We will use the Rouge score to evaluate the training progress. The Rouge score basically compares the n-grams, or word combinations, in the generated text with the n-grams in the target text.

# Set up Rouge score for evaluation
nltk.download("punkt", quiet=True)
metric = evaluate.load("rouge")

def compute_metrics(eval_preds):
    preds, labels = eval_preds

    # decode preds and labels
    labels = np.where(labels != -100, labels, tokenizer.pad_token_id)
    decoded_preds = tokenizer.batch_decode(preds, skip_special_tokens=True)
    decoded_labels = tokenizer.batch_decode(labels, skip_special_tokens=True)

    # rougeLSum expects newline after each sentence
    decoded_preds = ["\n".join(nltk.sent_tokenize(pred.strip())) for pred in decoded_preds]
    decoded_labels = ["\n".join(nltk.sent_tokenize(label.strip())) for label in decoded_labels]

    result = metric.compute(predictions=decoded_preds, references=decoded_labels, use_stemmer=True)
    return result

The final step is to set up the trainer. The parameters here are optimized to maximize batch size and training speed on a GPU with 16GB VRAM. You can adjust them as needed for your hardware.

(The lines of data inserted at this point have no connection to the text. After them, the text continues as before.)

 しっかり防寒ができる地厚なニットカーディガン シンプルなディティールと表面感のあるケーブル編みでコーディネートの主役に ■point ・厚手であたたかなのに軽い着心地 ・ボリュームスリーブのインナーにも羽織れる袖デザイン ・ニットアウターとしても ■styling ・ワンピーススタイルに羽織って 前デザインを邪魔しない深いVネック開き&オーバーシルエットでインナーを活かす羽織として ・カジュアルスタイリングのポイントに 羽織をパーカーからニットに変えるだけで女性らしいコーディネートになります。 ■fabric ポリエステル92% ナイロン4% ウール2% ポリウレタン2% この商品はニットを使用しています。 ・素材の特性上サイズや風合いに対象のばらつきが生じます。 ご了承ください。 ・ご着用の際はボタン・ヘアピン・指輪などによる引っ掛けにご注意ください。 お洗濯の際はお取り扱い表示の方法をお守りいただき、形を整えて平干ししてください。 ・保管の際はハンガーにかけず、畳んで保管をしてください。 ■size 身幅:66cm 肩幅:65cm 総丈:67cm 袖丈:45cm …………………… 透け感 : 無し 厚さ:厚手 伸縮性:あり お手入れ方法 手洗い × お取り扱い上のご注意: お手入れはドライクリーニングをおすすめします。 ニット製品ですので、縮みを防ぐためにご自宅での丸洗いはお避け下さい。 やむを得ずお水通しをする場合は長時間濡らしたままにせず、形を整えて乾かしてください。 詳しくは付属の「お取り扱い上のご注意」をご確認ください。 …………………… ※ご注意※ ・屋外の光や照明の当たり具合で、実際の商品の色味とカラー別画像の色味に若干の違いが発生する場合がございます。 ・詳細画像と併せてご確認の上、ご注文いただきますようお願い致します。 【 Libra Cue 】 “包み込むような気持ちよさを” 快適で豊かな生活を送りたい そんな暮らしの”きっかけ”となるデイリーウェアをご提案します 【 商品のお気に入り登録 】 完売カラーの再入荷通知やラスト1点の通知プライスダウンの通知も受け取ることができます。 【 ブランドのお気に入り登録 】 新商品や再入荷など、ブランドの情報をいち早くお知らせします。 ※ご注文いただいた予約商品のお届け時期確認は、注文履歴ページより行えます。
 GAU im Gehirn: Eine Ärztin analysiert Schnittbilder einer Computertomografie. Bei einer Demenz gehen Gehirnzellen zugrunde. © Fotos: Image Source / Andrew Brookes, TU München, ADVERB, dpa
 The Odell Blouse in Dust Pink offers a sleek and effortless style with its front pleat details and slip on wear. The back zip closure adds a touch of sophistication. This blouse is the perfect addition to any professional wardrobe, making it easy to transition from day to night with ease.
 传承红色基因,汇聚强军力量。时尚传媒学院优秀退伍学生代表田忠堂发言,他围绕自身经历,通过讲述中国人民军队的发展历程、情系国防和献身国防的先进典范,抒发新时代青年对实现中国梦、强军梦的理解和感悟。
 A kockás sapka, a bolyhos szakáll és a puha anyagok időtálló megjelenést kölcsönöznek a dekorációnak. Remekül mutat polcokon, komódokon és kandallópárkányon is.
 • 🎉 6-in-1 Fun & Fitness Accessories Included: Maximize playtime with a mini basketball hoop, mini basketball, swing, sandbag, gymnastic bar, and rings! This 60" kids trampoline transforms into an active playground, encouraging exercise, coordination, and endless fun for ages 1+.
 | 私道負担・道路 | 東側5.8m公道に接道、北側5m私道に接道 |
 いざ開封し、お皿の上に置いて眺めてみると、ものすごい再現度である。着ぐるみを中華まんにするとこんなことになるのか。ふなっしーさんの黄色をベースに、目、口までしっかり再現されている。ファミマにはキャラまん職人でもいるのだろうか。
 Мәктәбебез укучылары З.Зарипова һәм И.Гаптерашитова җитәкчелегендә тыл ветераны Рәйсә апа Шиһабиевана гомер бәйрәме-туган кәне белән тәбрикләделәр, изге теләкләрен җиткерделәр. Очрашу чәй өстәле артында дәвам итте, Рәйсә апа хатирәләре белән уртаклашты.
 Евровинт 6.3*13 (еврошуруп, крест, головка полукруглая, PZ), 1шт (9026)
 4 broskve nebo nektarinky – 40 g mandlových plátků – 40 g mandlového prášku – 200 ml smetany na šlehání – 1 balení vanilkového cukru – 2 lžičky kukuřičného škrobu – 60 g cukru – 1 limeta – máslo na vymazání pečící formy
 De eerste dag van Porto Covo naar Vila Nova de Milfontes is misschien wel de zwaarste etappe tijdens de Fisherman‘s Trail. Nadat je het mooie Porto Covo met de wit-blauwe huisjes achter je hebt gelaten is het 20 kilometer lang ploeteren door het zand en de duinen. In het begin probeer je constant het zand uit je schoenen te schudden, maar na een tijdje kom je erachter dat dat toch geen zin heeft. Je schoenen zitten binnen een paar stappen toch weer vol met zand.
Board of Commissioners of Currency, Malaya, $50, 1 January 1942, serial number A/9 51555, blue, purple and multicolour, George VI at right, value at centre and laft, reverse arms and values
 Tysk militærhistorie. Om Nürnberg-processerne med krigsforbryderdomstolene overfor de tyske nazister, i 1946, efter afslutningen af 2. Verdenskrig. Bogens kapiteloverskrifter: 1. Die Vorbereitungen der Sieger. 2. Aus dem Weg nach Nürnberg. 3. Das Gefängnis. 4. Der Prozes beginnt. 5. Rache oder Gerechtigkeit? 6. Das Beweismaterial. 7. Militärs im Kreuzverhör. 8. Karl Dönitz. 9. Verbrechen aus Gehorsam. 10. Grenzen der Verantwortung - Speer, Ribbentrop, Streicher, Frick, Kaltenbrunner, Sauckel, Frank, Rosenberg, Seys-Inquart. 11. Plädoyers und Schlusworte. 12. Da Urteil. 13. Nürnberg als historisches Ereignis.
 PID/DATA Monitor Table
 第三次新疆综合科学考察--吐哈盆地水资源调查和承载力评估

# Set up training arguments
training_args = Seq2SeqTrainingArguments(
    output_dir="./results",
    evaluation_strategy="epoch",
    learning_rate=3e-4,
    per_device_train_batch_size=8,
    per_device_eval_batch_size=4,
    weight_decay=0.01,
    save_total_limit=3,
    num_train_epochs=2,
    predict_with_generate=True,
    push_to_hub=False
)

# Set up trainer
trainer = Seq2SeqTrainer(
    model=model,
    args=training_args,
    train_dataset=tokenized_dataset["train"],
    eval_dataset=tokenized_dataset["test"],
    tokenizer=tokenizer,
    data_collator=data_collator,
    compute_metrics=compute_metrics
)

# Train the model
trainer.train()

Resource requirements to fine tune Flan-T5

You can run this script on a free Colab notebook with 16GB of RAM and 16GB of GPU memory. Larger versions such as Flan-T5-XXL have higher resource requirements, and you will need more computational power to run them.

Trying out the model

We trained the model and pushed it to the hub. You can visit our HuggingFace repo to see the model card, and experiment with the hosted inference API.

Here is a sample from the hosted inference API:

Not bad. The Inference API cuts the outputs short, but it seems to answer the questions in a conversational manner. We can probably get some sensible responses by downloading it from the hub and increasing the output length. But is it imperative to be sensible on Quora?